■ EXERCISE GOAL: Where the data below begins, start retyping exactly, and end on the line with "Ezüst Fülbevaló Mesterséges", which is included; no picture goes in.

■ PROVIDED DATA:
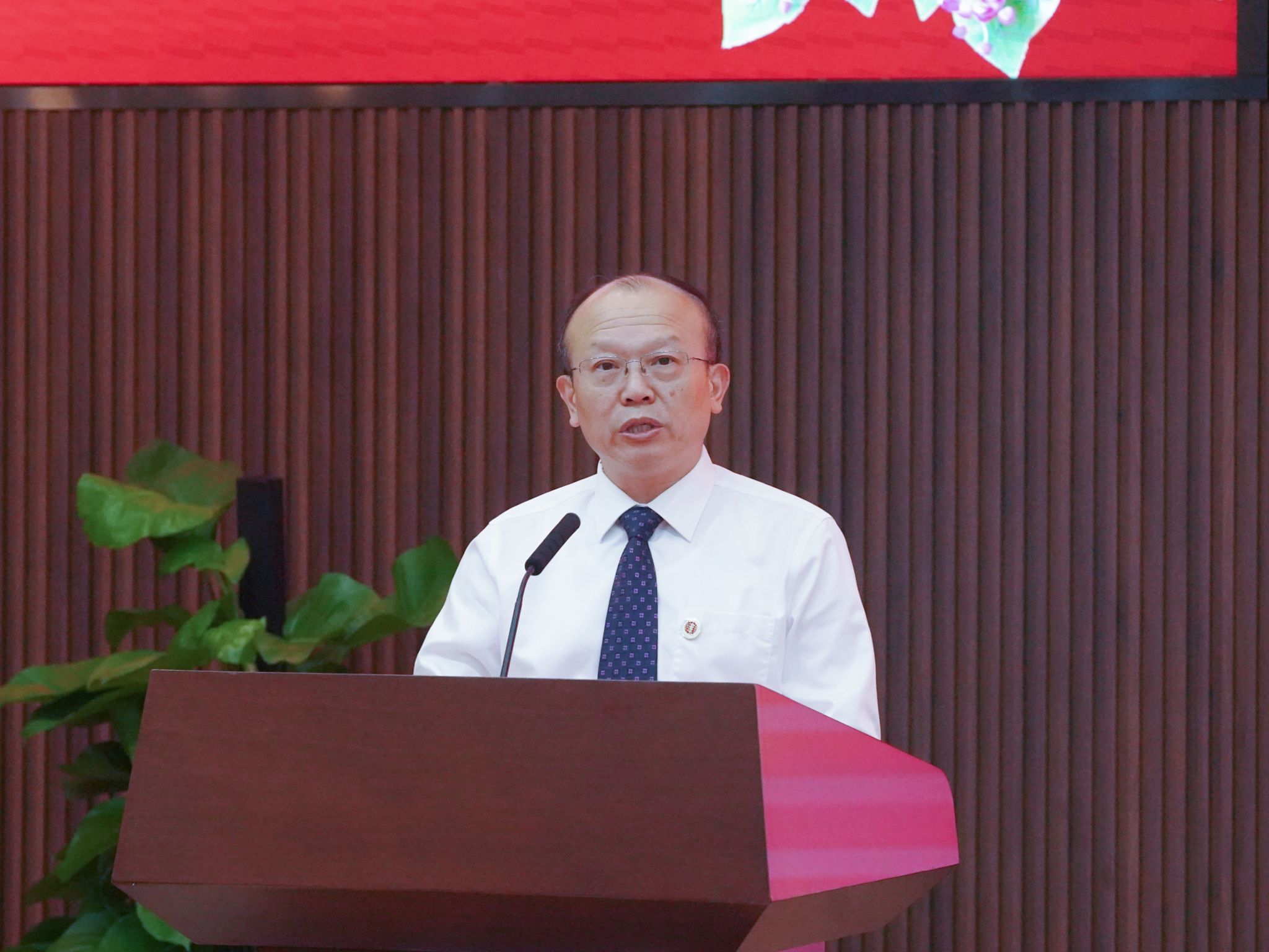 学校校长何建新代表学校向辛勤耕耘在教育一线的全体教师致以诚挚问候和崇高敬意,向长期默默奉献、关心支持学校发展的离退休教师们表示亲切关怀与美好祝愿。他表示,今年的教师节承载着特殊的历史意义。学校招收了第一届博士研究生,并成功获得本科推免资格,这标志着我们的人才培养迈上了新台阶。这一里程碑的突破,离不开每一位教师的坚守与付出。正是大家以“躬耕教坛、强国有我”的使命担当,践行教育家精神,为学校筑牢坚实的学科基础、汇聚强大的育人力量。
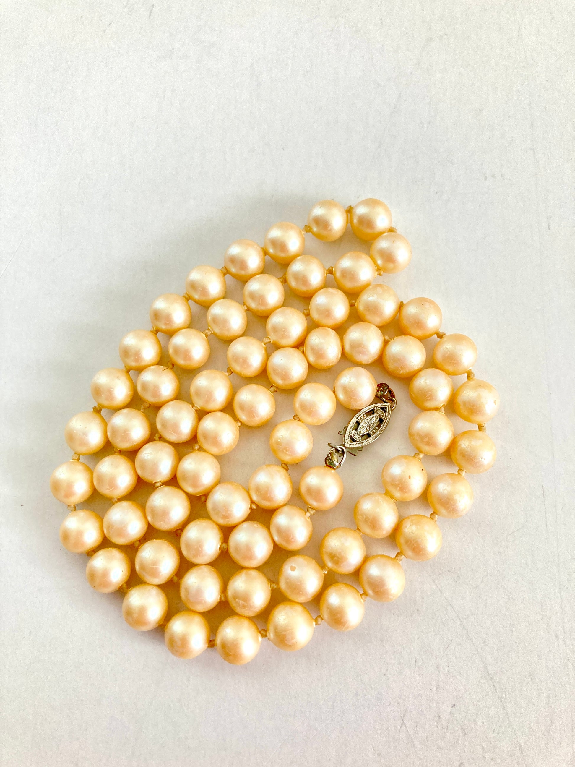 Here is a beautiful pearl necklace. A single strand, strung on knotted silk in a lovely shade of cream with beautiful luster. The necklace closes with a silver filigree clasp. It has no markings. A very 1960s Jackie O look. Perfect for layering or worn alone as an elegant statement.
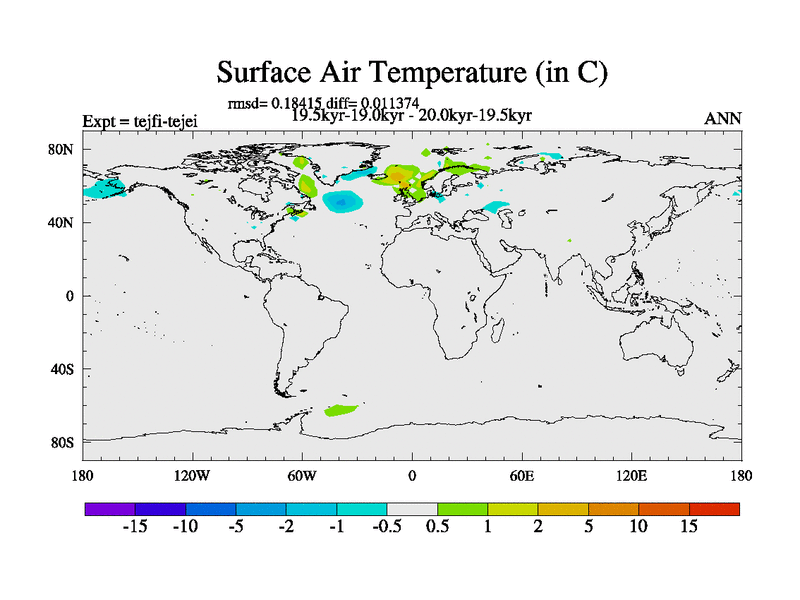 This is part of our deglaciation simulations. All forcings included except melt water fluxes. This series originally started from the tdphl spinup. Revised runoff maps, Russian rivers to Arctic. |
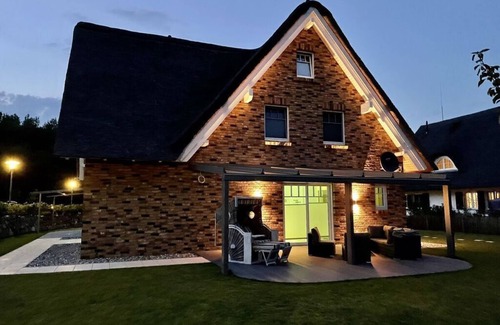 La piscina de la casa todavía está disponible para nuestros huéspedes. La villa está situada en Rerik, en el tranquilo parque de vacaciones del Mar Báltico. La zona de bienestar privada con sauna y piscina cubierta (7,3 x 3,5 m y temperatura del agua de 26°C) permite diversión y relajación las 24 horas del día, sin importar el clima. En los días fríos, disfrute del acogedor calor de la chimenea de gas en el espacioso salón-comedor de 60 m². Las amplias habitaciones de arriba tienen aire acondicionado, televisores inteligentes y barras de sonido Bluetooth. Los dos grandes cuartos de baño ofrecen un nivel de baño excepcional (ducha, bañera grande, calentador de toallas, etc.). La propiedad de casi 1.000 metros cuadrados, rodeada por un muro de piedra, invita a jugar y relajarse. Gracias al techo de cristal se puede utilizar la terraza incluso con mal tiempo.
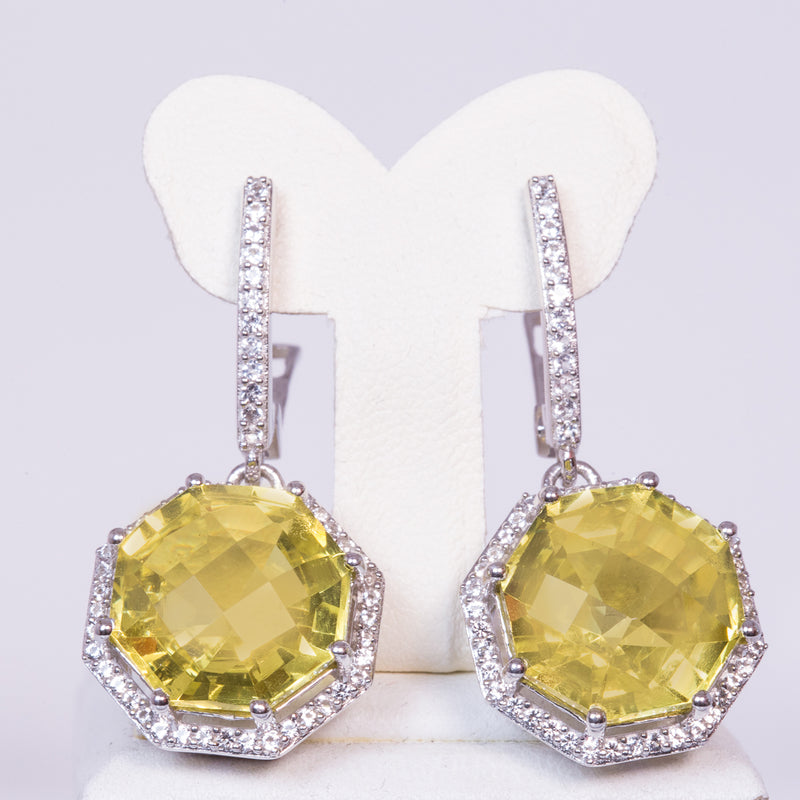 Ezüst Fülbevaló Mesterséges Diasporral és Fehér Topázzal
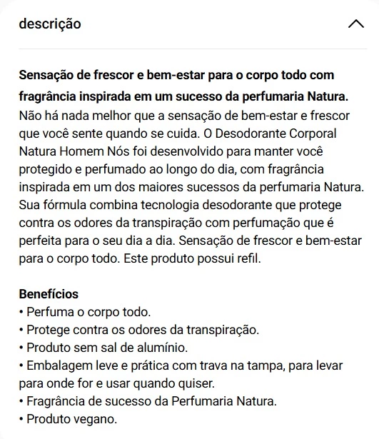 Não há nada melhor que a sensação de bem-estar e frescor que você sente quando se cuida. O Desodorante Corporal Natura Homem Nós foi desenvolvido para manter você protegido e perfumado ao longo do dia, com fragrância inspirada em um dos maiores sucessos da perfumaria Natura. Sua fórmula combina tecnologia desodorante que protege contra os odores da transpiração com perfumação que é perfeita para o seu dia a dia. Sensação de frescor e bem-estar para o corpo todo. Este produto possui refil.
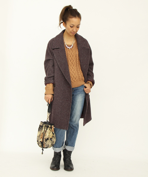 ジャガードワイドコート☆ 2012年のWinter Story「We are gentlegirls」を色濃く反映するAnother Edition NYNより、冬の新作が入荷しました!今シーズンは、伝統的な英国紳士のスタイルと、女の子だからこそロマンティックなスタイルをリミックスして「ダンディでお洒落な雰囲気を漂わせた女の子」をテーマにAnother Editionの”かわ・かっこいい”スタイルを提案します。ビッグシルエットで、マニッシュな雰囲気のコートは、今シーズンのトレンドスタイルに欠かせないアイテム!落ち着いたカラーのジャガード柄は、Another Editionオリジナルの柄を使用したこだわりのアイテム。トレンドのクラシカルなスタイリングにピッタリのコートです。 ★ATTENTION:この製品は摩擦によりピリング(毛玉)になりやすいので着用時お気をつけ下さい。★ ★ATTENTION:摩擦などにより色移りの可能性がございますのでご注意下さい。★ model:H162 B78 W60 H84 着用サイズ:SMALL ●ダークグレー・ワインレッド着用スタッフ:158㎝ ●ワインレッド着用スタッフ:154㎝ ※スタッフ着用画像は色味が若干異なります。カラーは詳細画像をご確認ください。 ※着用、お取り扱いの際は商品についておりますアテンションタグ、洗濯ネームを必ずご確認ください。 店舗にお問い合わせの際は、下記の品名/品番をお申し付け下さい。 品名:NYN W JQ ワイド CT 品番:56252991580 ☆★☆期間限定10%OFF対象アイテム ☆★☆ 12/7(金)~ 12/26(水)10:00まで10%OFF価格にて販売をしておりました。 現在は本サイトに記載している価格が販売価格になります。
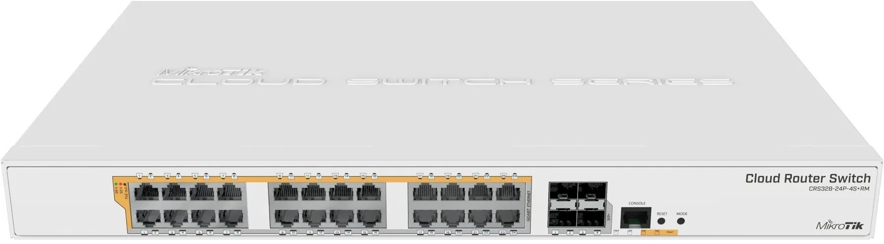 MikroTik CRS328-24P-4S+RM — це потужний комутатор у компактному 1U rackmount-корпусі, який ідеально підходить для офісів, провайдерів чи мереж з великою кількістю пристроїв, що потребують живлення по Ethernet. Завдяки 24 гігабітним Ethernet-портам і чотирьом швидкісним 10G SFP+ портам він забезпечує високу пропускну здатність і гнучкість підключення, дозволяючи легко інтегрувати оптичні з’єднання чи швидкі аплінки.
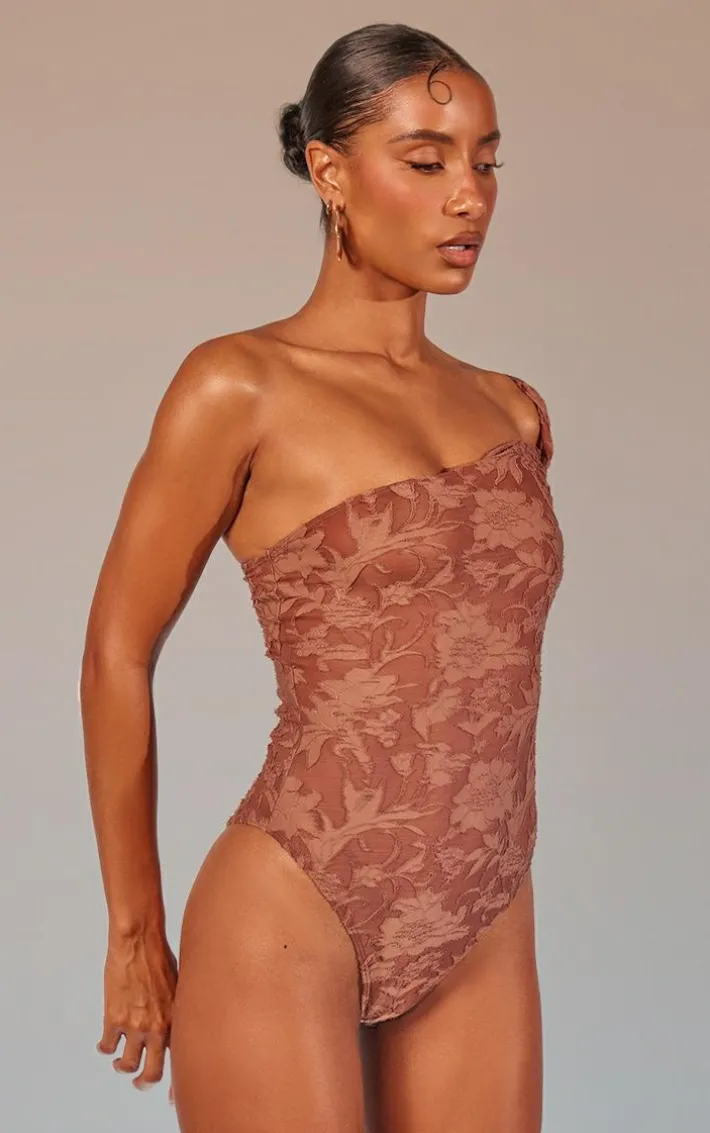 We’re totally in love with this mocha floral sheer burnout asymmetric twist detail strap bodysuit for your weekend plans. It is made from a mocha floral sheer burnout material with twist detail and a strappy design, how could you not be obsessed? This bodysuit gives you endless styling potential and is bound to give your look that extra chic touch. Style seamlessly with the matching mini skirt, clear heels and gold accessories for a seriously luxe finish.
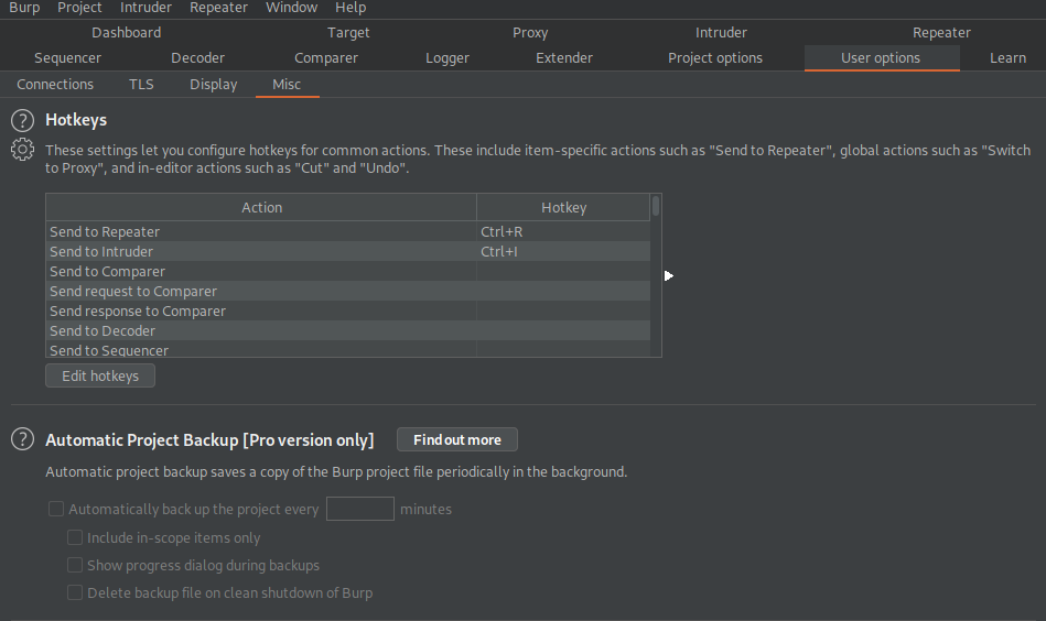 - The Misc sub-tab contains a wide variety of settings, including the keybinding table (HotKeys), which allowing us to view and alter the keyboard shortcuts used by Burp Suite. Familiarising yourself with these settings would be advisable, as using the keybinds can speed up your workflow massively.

■ WRITTEN SOLUTION:
 学校校长何建新代表学校向辛勤耕耘在教育一线的全体教师致以诚挚问候和崇高敬意,向长期默默奉献、关心支持学校发展的离退休教师们表示亲切关怀与美好祝愿。他表示,今年的教师节承载着特殊的历史意义。学校招收了第一届博士研究生,并成功获得本科推免资格,这标志着我们的人才培养迈上了新台阶。这一里程碑的突破,离不开每一位教师的坚守与付出。正是大家以“躬耕教坛、强国有我”的使命担当,践行教育家精神,为学校筑牢坚实的学科基础、汇聚强大的育人力量。
 Here is a beautiful pearl necklace. A single strand, strung on knotted silk in a lovely shade of cream with beautiful luster. The necklace closes with a silver filigree clasp. It has no markings. A very 1960s Jackie O look. Perfect for layering or worn alone as an elegant statement.
 This is part of our deglaciation simulations. All forcings included except melt water fluxes. This series originally started from the tdphl spinup. Revised runoff maps, Russian rivers to Arctic. |
 La piscina de la casa todavía está disponible para nuestros huéspedes. La villa está situada en Rerik, en el tranquilo parque de vacaciones del Mar Báltico. La zona de bienestar privada con sauna y piscina cubierta (7,3 x 3,5 m y temperatura del agua de 26°C) permite diversión y relajación las 24 horas del día, sin importar el clima. En los días fríos, disfrute del acogedor calor de la chimenea de gas en el espacioso salón-comedor de 60 m². Las amplias habitaciones de arriba tienen aire acondicionado, televisores inteligentes y barras de sonido Bluetooth. Los dos grandes cuartos de baño ofrecen un nivel de baño excepcional (ducha, bañera grande, calentador de toallas, etc.). La propiedad de casi 1.000 metros cuadrados, rodeada por un muro de piedra, invita a jugar y relajarse. Gracias al techo de cristal se puede utilizar la terraza incluso con mal tiempo.
 Ezüst Fülbevaló Mesterséges Diasporral és Fehér Topázzal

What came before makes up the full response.